Two Trees · Shang Yan · Fengya Luzhou Cuisine
地方菜 · ⭐ 4.4
100 meters northeast of the intersection of Tangmo Road and She County Road (next to Jia Daying Community Residents' Committee)
Dragon Mate tips
If you are traveling in China to visit Hefei, this restaurant is worth a stop for great food. This restaurant is located at 100 meters northeast of the intersection of Tangmo Road and She County Road (next to Jia Daying Community Residents' Committee). It is a 地方菜 place, and the flavors are varies by dish (start with the signature dishes). Dragon Mate recommends you try: Wanfo Lake Organic Fish (Two Ways), Braised Beef Brisket in Traditional Style, Headliner LuZhou Roast Duck.

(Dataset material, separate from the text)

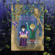 Arte de novela gráfica morada, azul y verde para un jubileo de intercambio de libros. Hermoso búho de granero y mariposas en un bosque brumoso con personajes amistosos explorando una historia mágica. Perfecto para una fiesta de intercambio de libros, o personalízalo para decir Feliz Cumpleaños a un gusano de libros. Perfecto para colores temáticos púrpura, violeta y azul. Versátil para una fiesta de cumpleaños de niña, fiesta de 40 o 50 cumpleaños, ¡y más!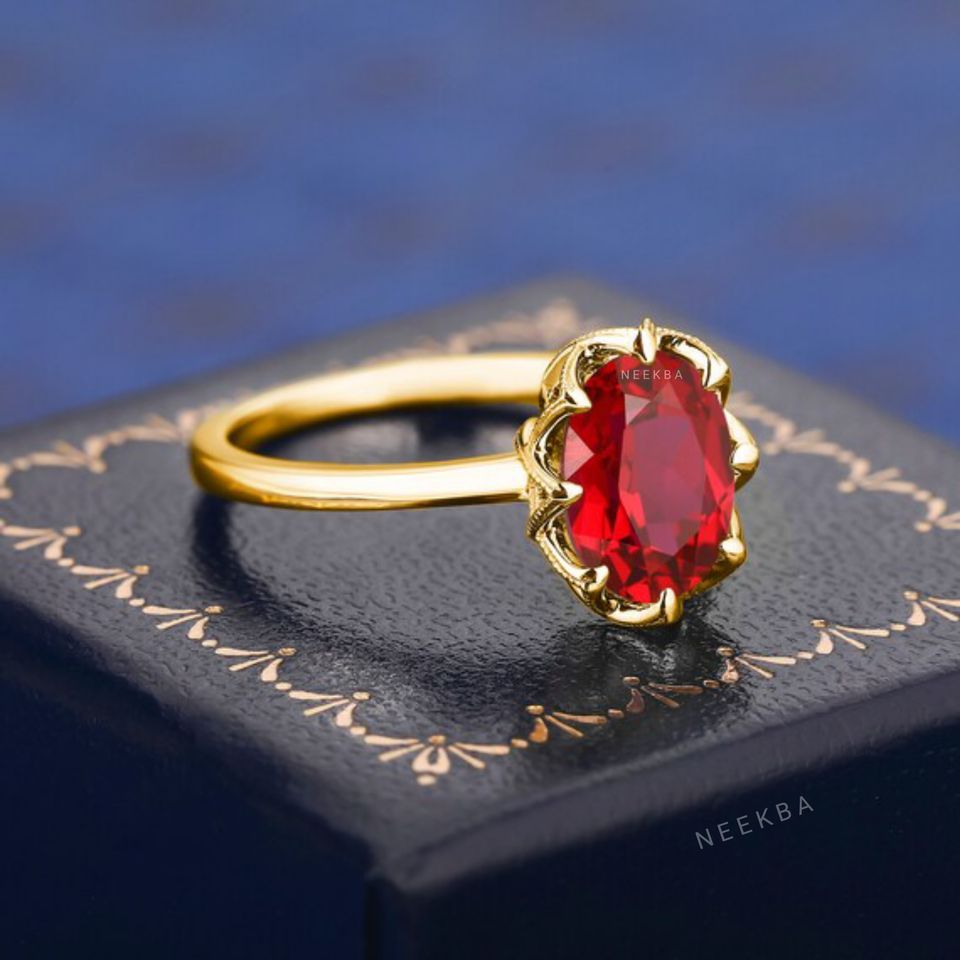 Ensemble de griffes Bague de rubis de laboratoire ovale en or jaune massif 10 carats fabriquée à la main de style Art déco Solitaire Bague de fiançailles en rubis

If you do not eat pork, make sure to use Dragon Mate voice to clearly tell the staff “no pork” before ordering.
Restaurant guide
- City: Hefei
- Category: 地方菜
- Rating: 4.4
- Address: 100 meters northeast of the intersection of Tangmo Road and She County Road (next to Jia Daying Community Residents' Committee)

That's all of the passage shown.